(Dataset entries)
********************

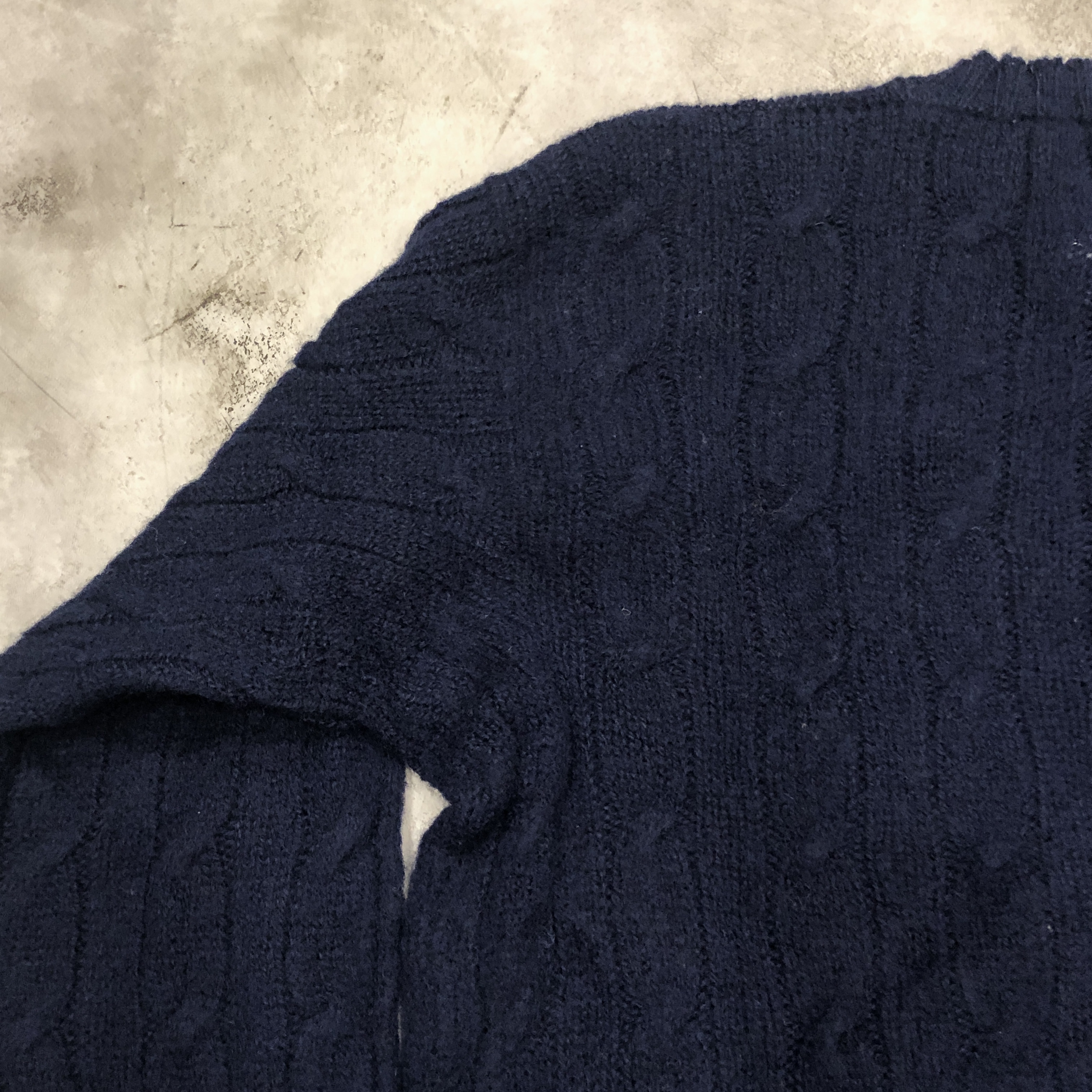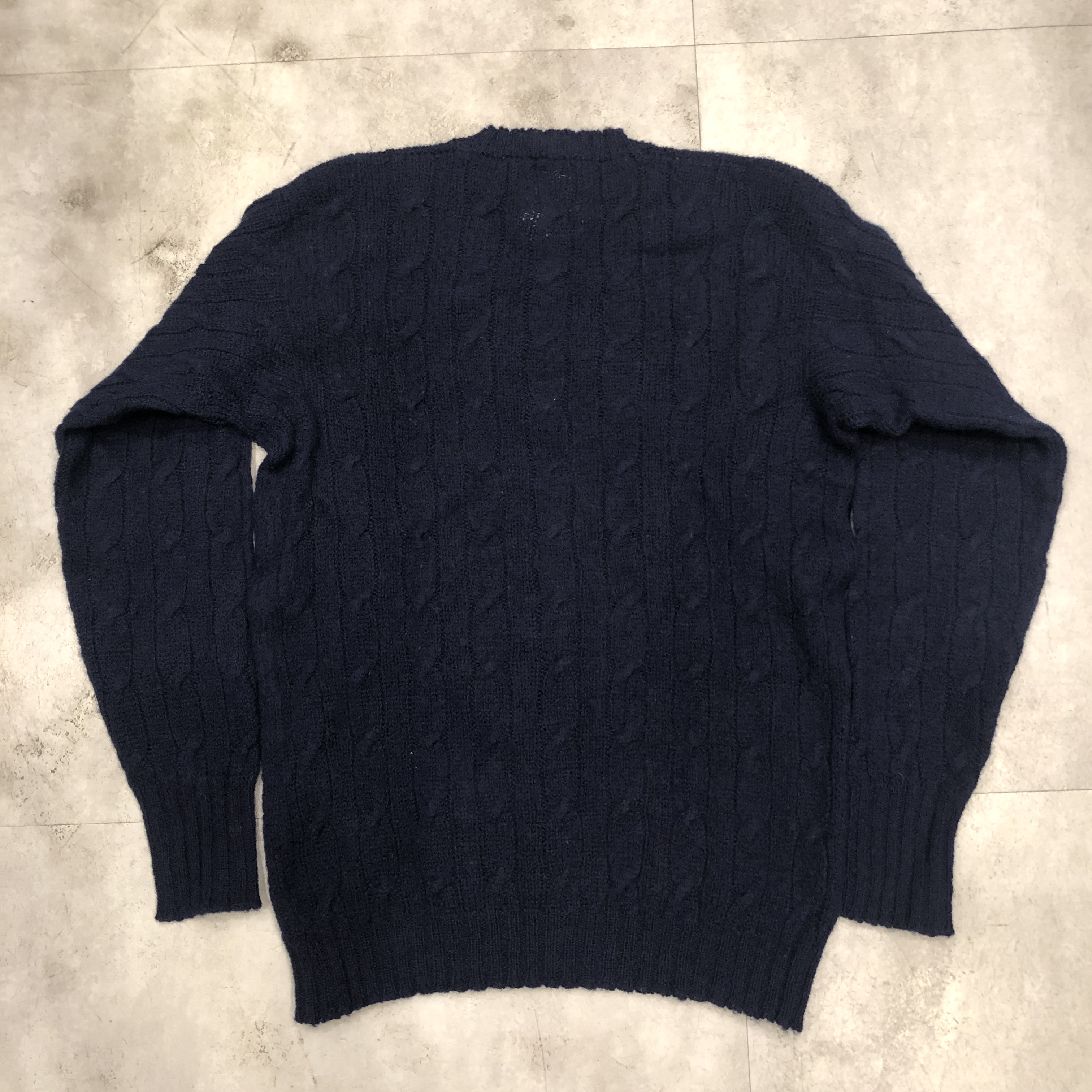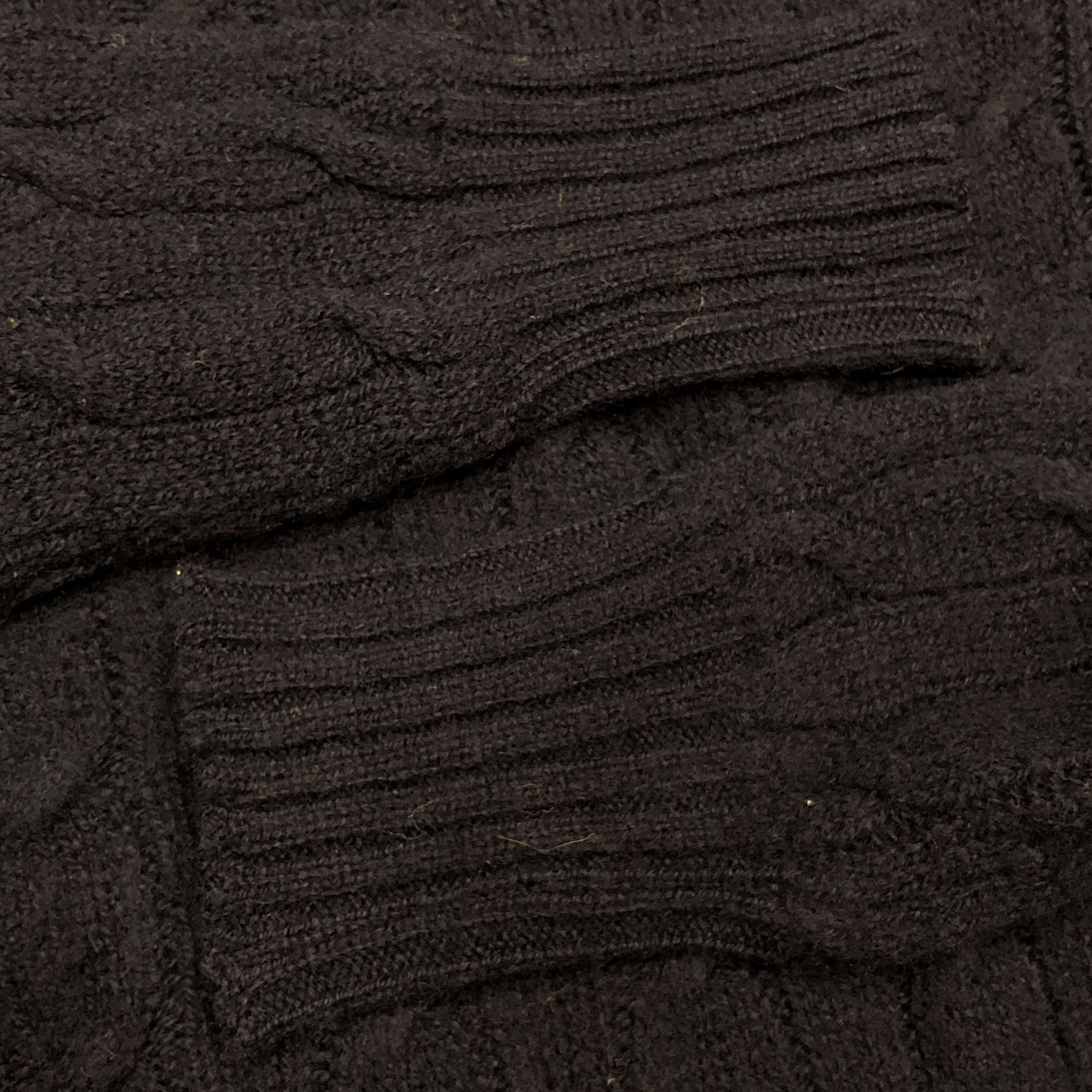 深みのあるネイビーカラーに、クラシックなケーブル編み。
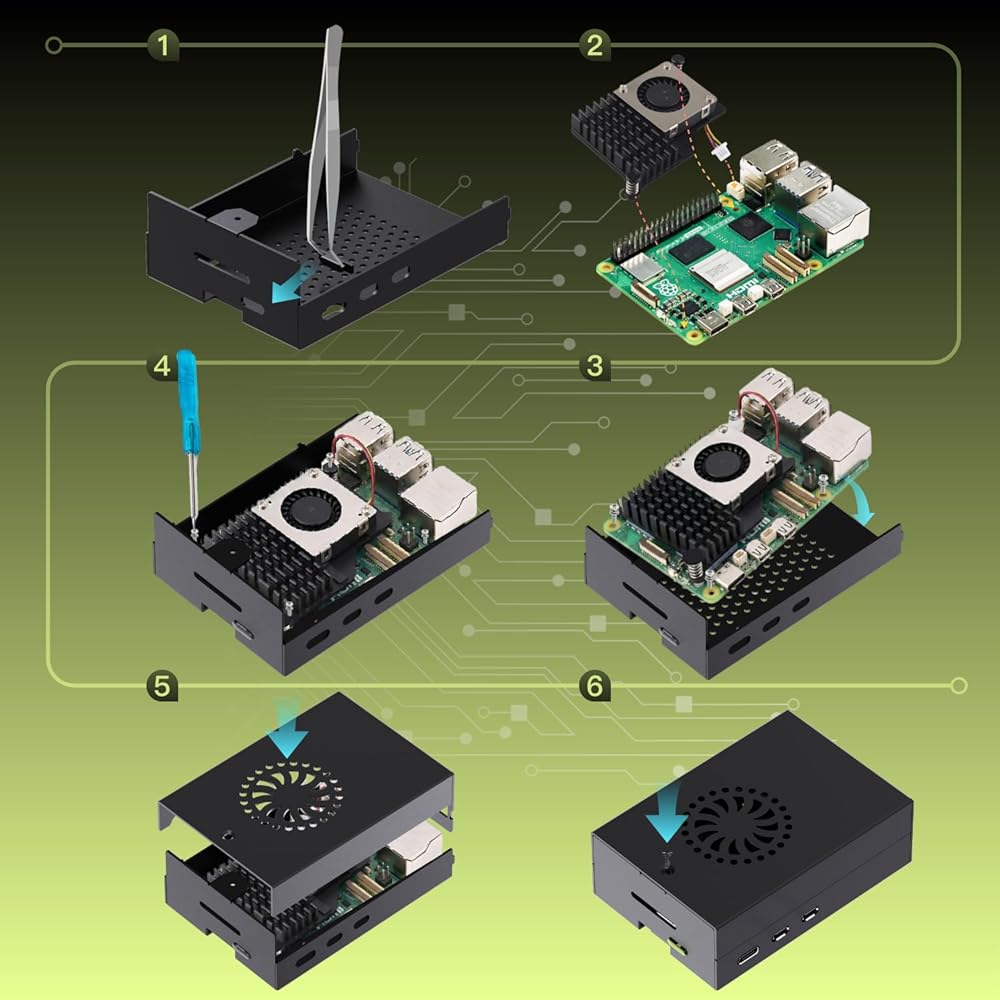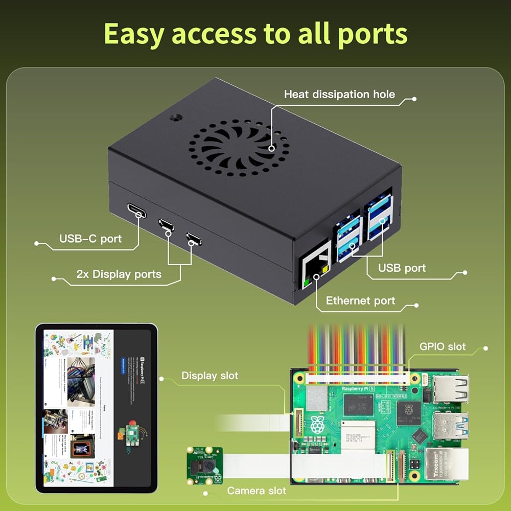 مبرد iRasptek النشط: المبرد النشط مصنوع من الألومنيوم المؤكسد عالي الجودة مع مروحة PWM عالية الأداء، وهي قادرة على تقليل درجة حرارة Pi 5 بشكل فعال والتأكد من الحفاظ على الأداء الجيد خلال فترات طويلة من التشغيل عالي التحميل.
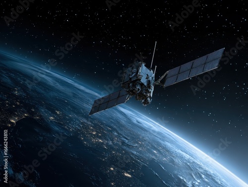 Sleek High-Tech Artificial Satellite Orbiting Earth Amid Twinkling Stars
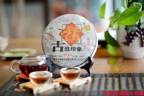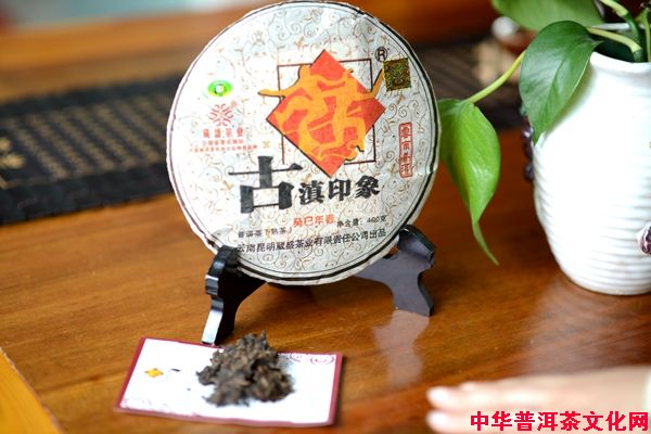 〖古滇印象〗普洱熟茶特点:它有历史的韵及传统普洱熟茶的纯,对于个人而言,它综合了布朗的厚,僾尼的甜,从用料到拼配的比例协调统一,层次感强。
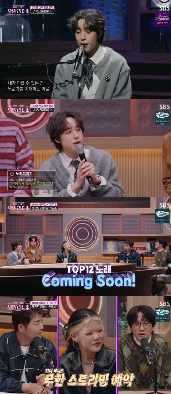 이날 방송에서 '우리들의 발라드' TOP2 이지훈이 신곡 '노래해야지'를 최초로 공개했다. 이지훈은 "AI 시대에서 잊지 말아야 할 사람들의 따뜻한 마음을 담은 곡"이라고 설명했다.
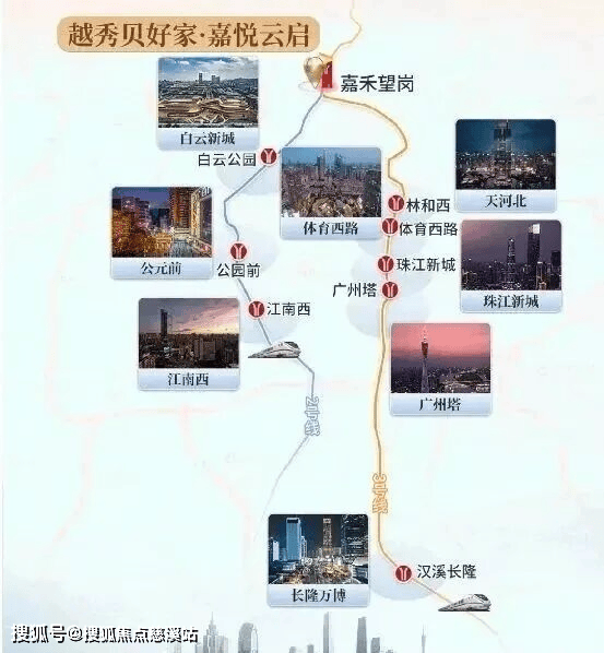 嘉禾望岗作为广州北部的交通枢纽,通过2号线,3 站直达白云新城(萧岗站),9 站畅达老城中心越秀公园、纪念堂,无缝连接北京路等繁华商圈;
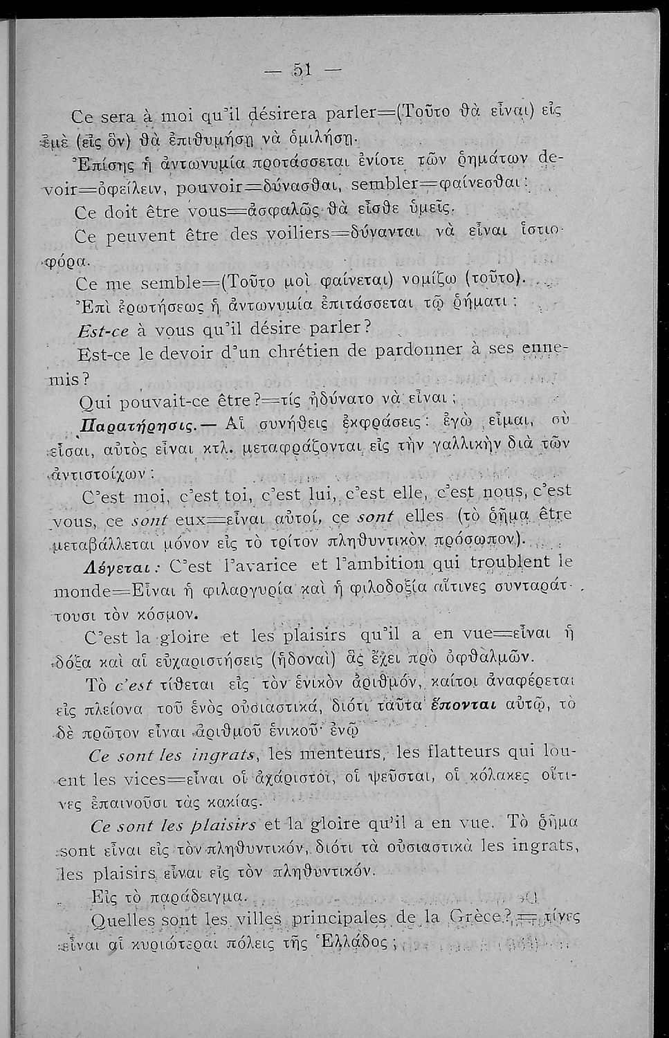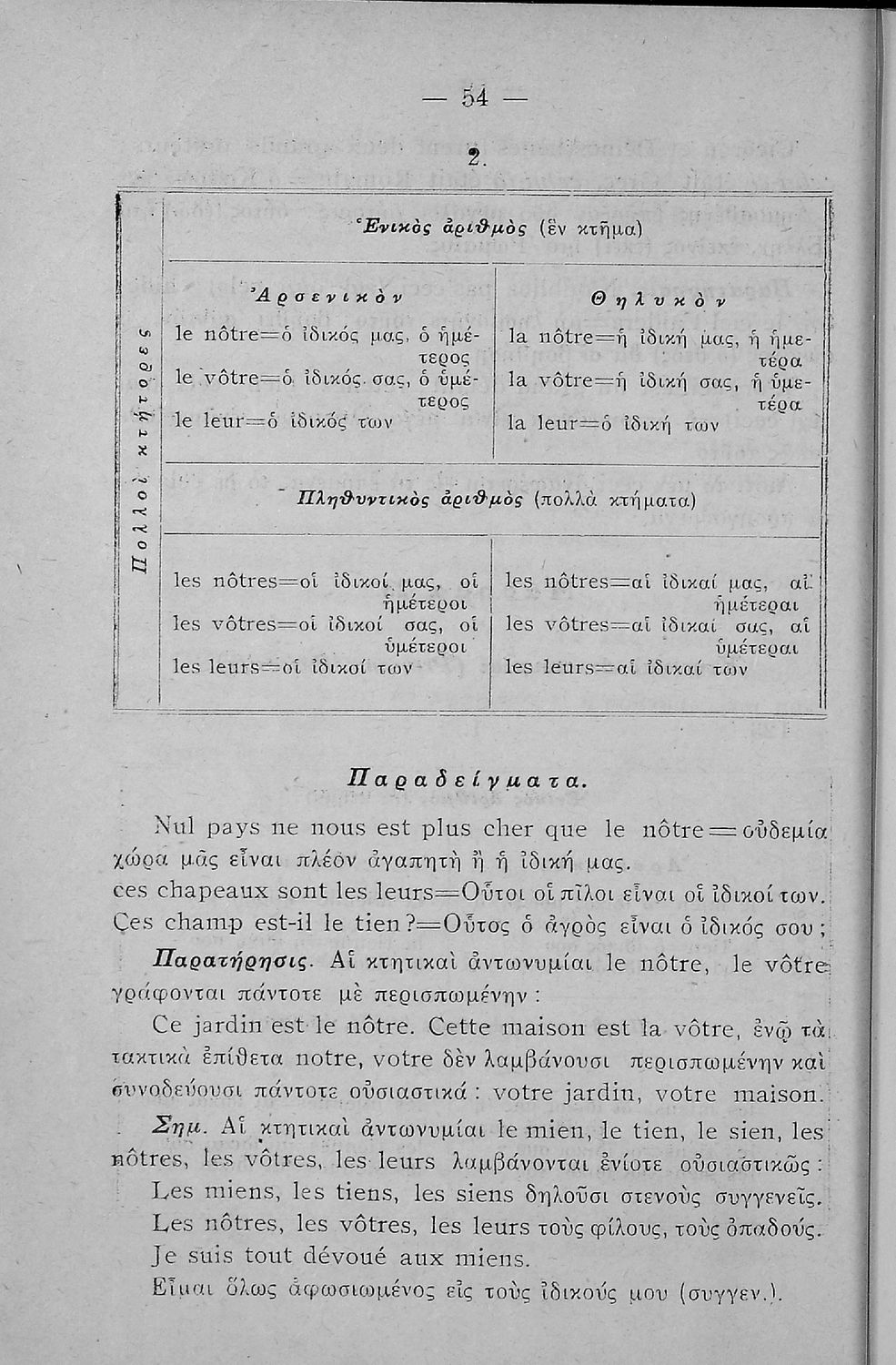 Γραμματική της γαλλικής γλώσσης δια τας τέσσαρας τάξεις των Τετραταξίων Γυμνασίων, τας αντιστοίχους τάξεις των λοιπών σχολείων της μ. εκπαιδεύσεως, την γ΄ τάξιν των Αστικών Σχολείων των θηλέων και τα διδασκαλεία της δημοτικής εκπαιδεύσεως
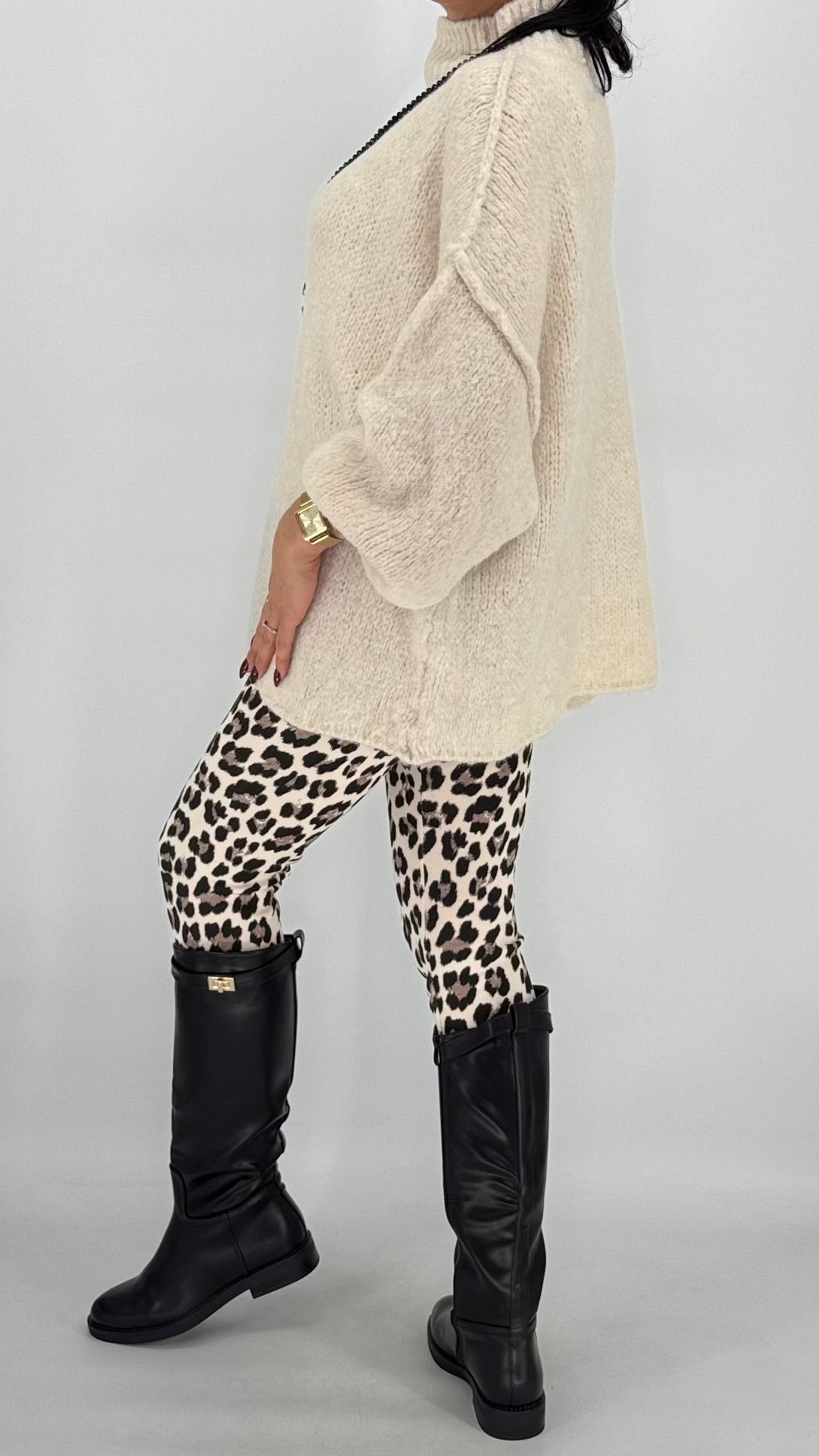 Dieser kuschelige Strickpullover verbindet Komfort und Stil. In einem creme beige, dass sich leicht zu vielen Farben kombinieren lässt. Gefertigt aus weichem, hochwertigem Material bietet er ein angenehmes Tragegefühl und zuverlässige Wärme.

********************

[PROBLEM TO SOLVE] Line for line, restate the data above and omit every picture.

[YOUR SOLUTION]
 深みのあるネイビーカラーに、クラシックなケーブル編み。
 مبرد iRasptek النشط: المبرد النشط مصنوع من الألومنيوم المؤكسد عالي الجودة مع مروحة PWM عالية الأداء، وهي قادرة على تقليل درجة حرارة Pi 5 بشكل فعال والتأكد من الحفاظ على الأداء الجيد خلال فترات طويلة من التشغيل عالي التحميل.
 Sleek High-Tech Artificial Satellite Orbiting Earth Amid Twinkling Stars
 〖古滇印象〗普洱熟茶特点:它有历史的韵及传统普洱熟茶的纯,对于个人而言,它综合了布朗的厚,僾尼的甜,从用料到拼配的比例协调统一,层次感强。
 이날 방송에서 '우리들의 발라드' TOP2 이지훈이 신곡 '노래해야지'를 최초로 공개했다. 이지훈은 "AI 시대에서 잊지 말아야 할 사람들의 따뜻한 마음을 담은 곡"이라고 설명했다.
 嘉禾望岗作为广州北部的交通枢纽,通过2号线,3 站直达白云新城(萧岗站),9 站畅达老城中心越秀公园、纪念堂,无缝连接北京路等繁华商圈;
 Γραμματική της γαλλικής γλώσσης δια τας τέσσαρας τάξεις των Τετραταξίων Γυμνασίων, τας αντιστοίχους τάξεις των λοιπών σχολείων της μ. εκπαιδεύσεως, την γ΄ τάξιν των Αστικών Σχολείων των θηλέων και τα διδασκαλεία της δημοτικής εκπαιδεύσεως
 Dieser kuschelige Strickpullover verbindet Komfort und Stil. In einem creme beige, dass sich leicht zu vielen Farben kombinieren lässt. Gefertigt aus weichem, hochwertigem Material bietet er ein angenehmes Tragegefühl und zuverlässige Wärme.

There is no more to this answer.